『虎に翼』寅子と航一が“らしさ”尊重した事実婚選ぶ 2人が交わした遺言書に込めた意味

 『虎に翼』(NHK総合)第104話では猪爪家の新たな門出を祝福した。

 結婚をやめようという航一(岡田将生)の真意は、婚姻届を提出して行う法律婚をしないことにあった。夫婦が同じ姓を名乗り、職場での通称使用が認められない婚姻制度は「僕たちの幸せにそぐわない」ため、それを追い求めるのはやめる。代わりに互いの意思を記した遺言書を取り交わすことで夫婦になったこととする、と航一は提案した。

 航一は「夫のようなもの」というが、事実上の夫婦でパートナーである。

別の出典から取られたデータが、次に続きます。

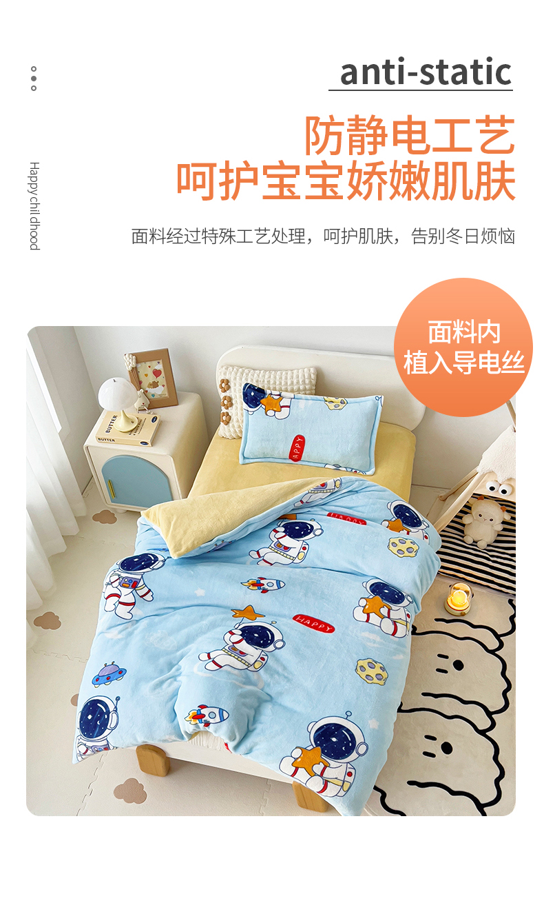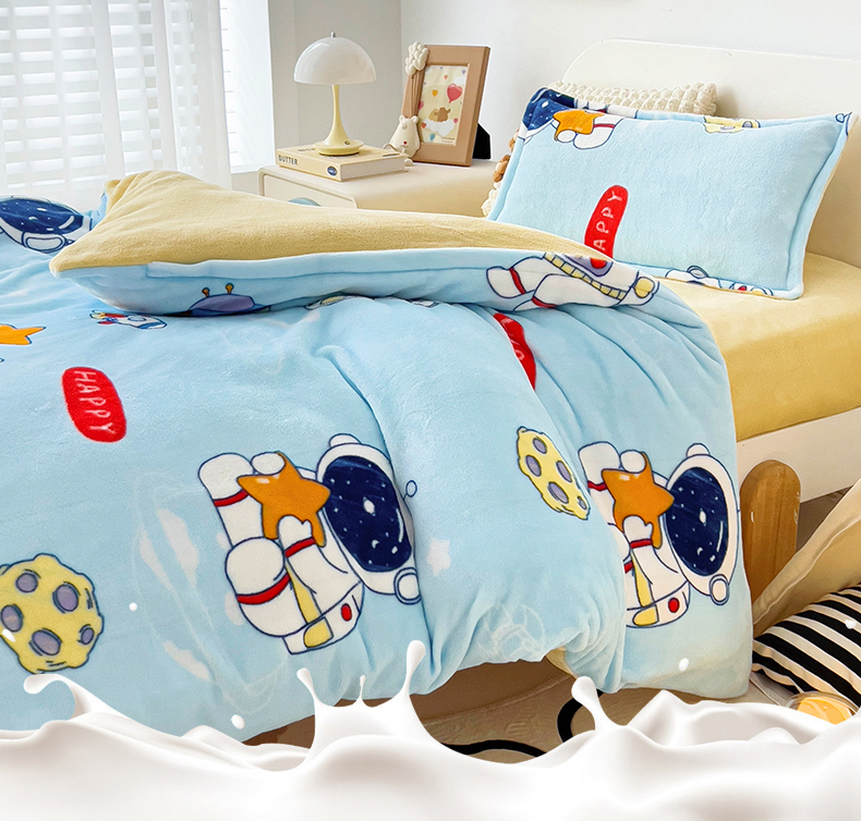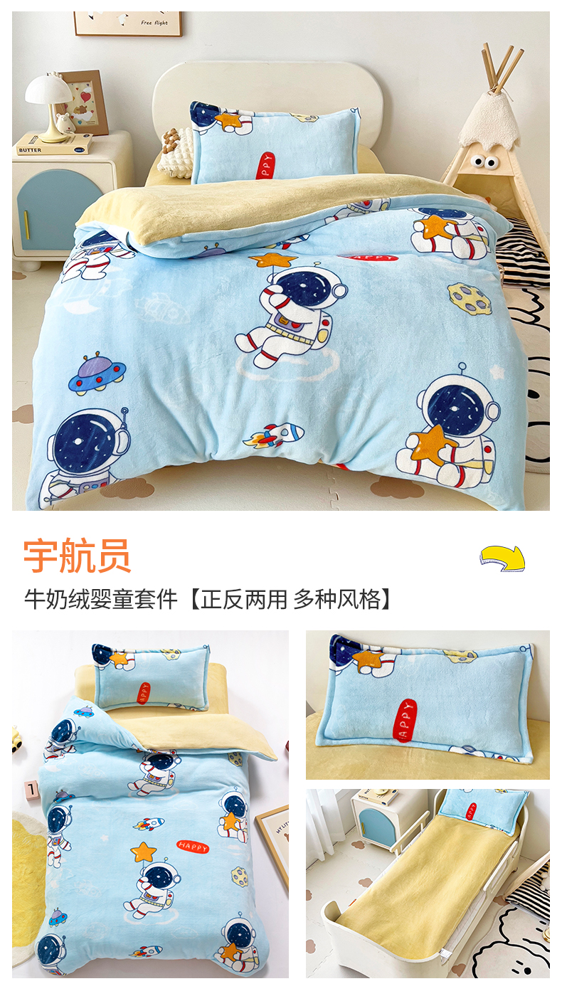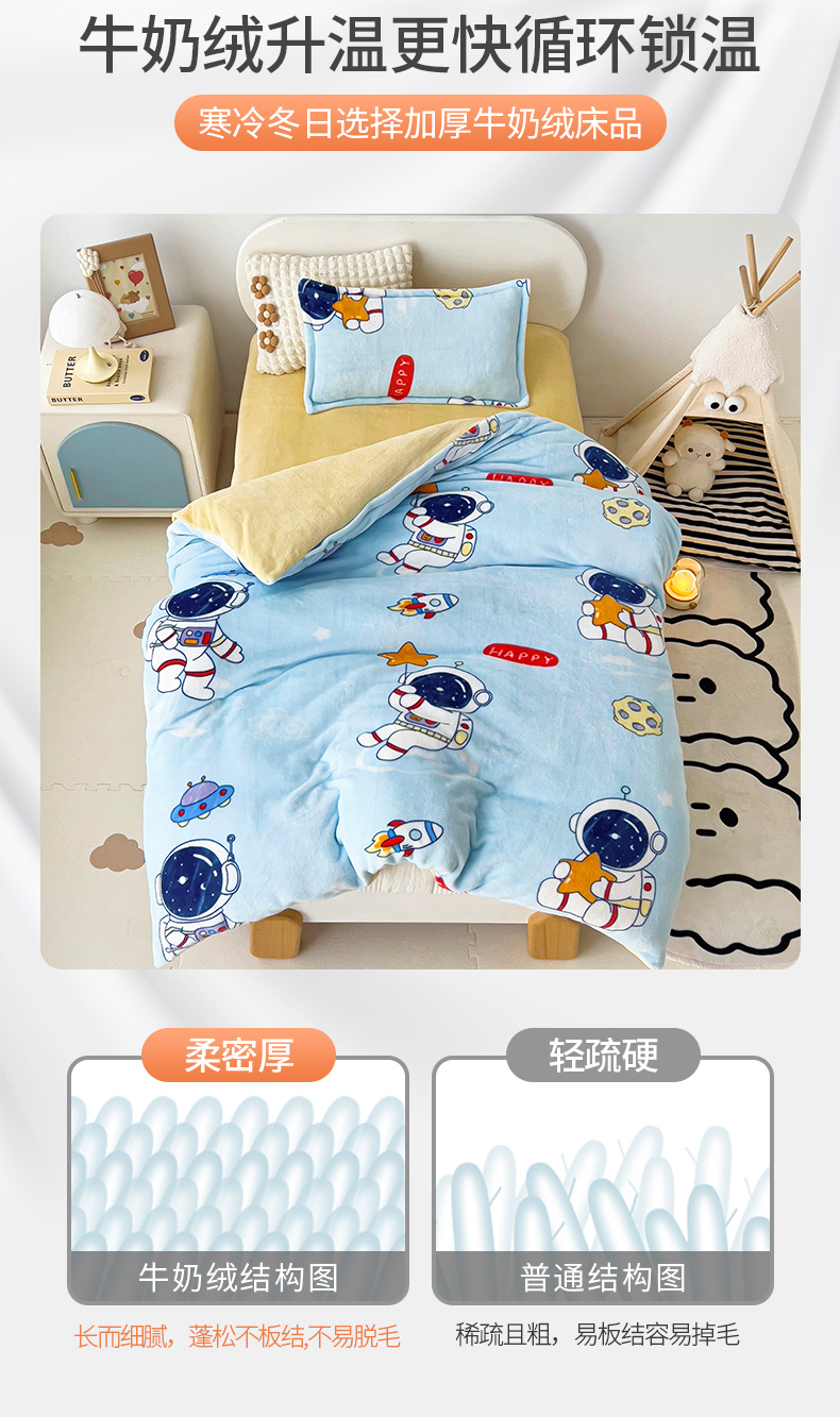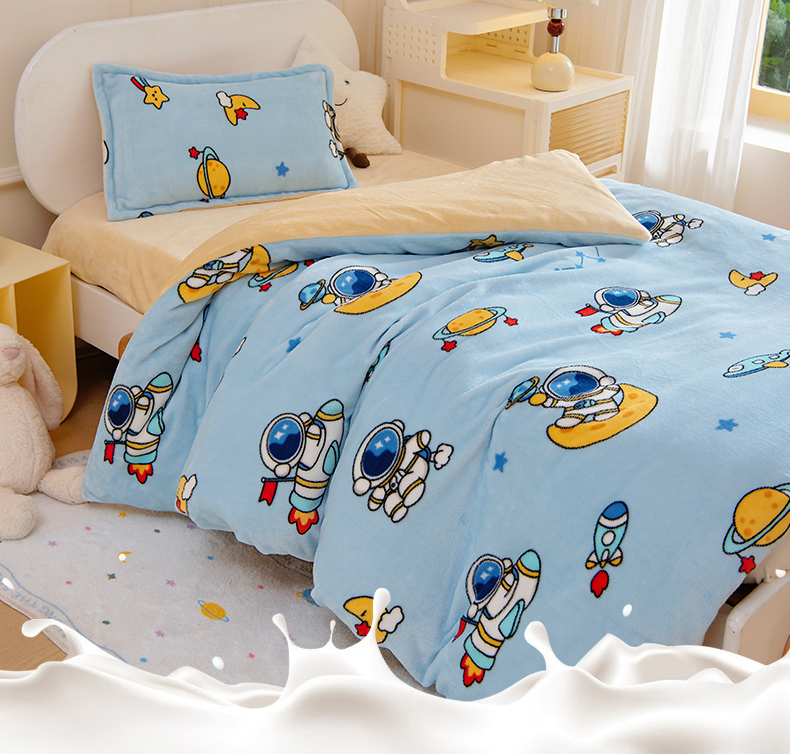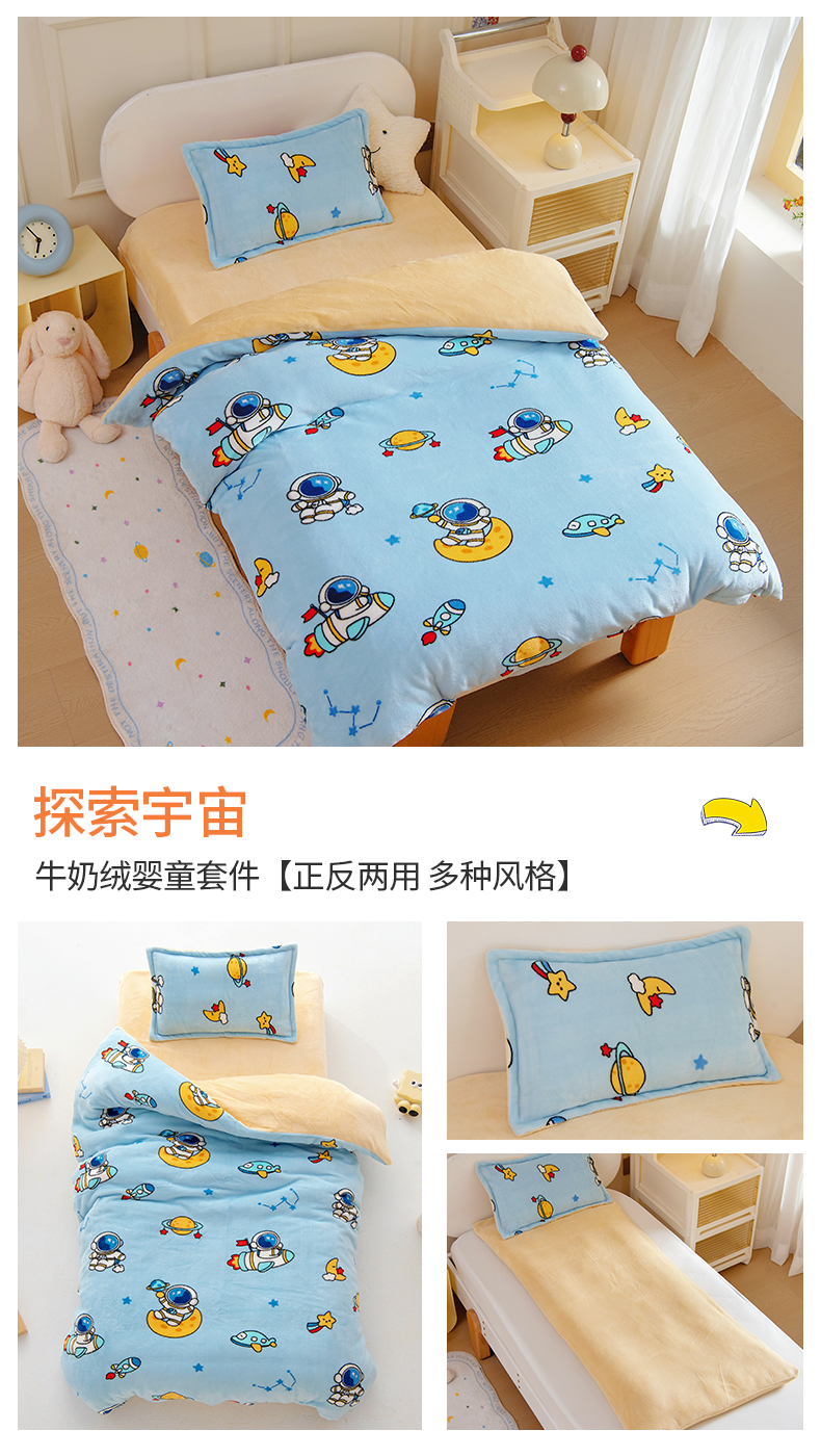 吉咪兔 2025新款儿童卡通牛奶绒双面绒幼儿园被子三件套六件套保暖被褥被套 探索宇宙,探索宇宙
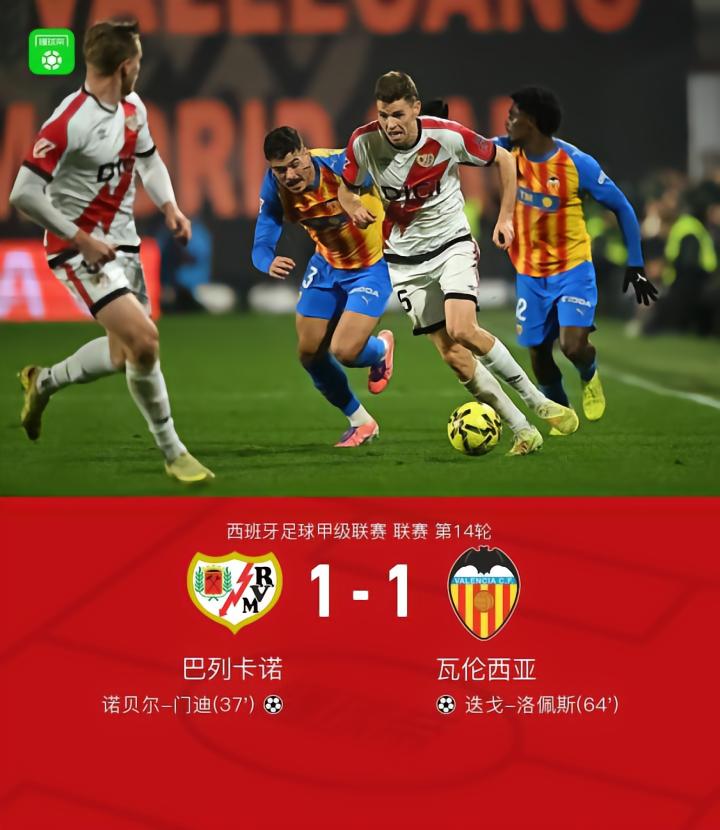 巴列卡诺1-1瓦伦西亚,诺贝尔-门迪首开记录,迭戈-洛佩斯救主
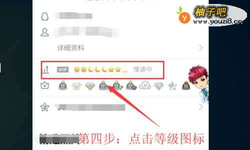 4QQ好友等级排名浏览步骤四:进入账号个人详情页以后。点击界面上的等级图标。
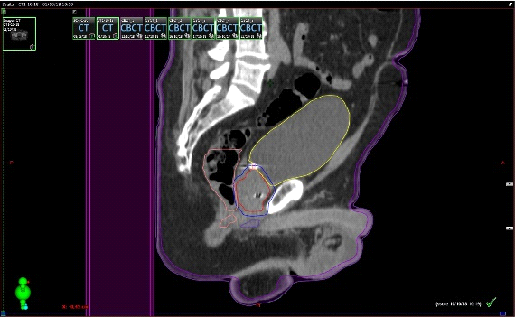 Fig. 8. Paciente en tratamiento. Esta imagen corresponde el conbeamCT que se realiza en cada sesión de tratamiento y se superpone con el TAC previo de simulación que tiene los contornos. El contorno azul fue realizado previamente en el TAC de simulación. Así sabemos que la dosis llegará sólo sobre ese sector.
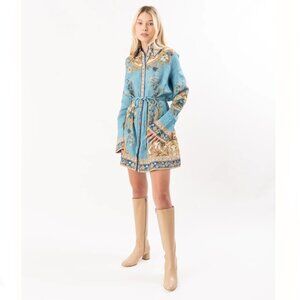 This mini dress is made of printed linen and features flared sleeves and an oversized neckline.
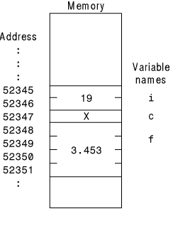 Each memory location in your computer contains a specific address. When you define variables, Visual C++ finds unused memory locations and stores the variables there. When you refer to a variable by name, Visual C++ finds that variable's address and works with the value stored there.
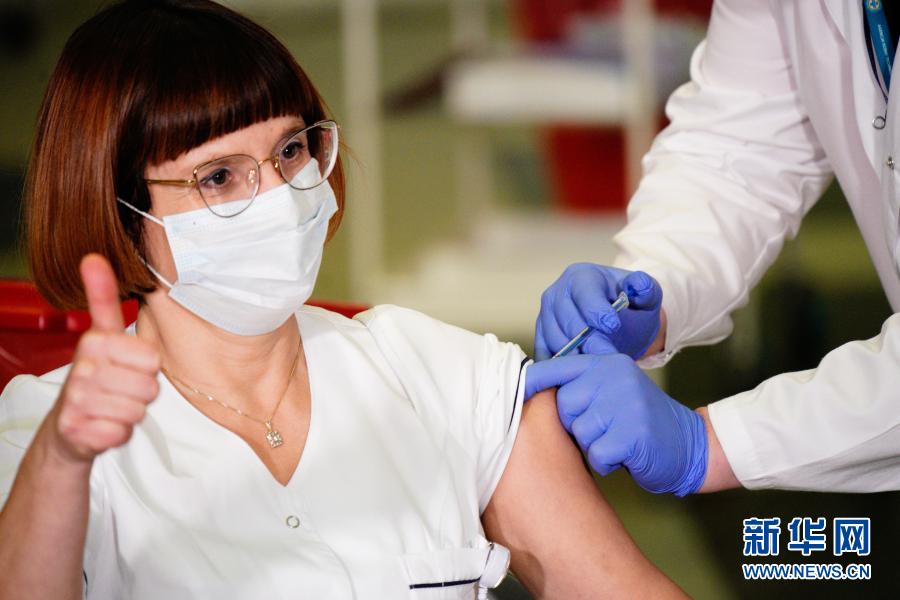 12月27日,在波兰首都华沙一家医院,一名护士接种新冠疫苗。

これに対して、寅子(伊藤沙莉)は、自分が折れれば「ようなもの」などというあいまいな関係にせずに済むと話す。「折れる」とは、ここでは法律婚を受け入れ星姓を名乗ることを意味する。「私たちならば、折れてよかったと思える日がいつか来る」と寅子は語るが、航一はそれを押しとどめた。

「それでは、君の僕への愛情を利用した搾取になってしまう」

 航一は、愛情があるからといって法律婚を無理に受け入れることは違うと言いたかったのではないか。優三(仲野太賀)との結婚は、寅子にとって社会的な立場を得るためで、書生だった優三は寅子に好意を抱いていたが、そこに搾取の構造があることに航一は気付いていた。第103話で、遠藤(和田正人)の「自分が曲げたくないものを折るのは、自分も折らせた相手も傷つける」という言葉もあったが、選択のいびつさによって互いに苦しむことがないよう配慮した結果が事実婚だったと納得した。

 寅子にとって重要だったのは、航一と夫婦になる想像ができたことだろう。河原を並んで散歩する夢は2人の将来の姿であり、優三とのことや結婚にまつわるしがらみが解消したことを暗示している。優三や航一の亡き妻・照子も記憶にとどめながら「会ったことのない『大切な人の大切な人』の話をなつかしく聞く」。一緒に生きていくイメージを持つことができ「航一さんとこういう夫婦になりたい」と思えた。ここに至って法律婚か否かはさして重要ではなく、寅子が踏み出すために必要な「段取り」だったと理解できる。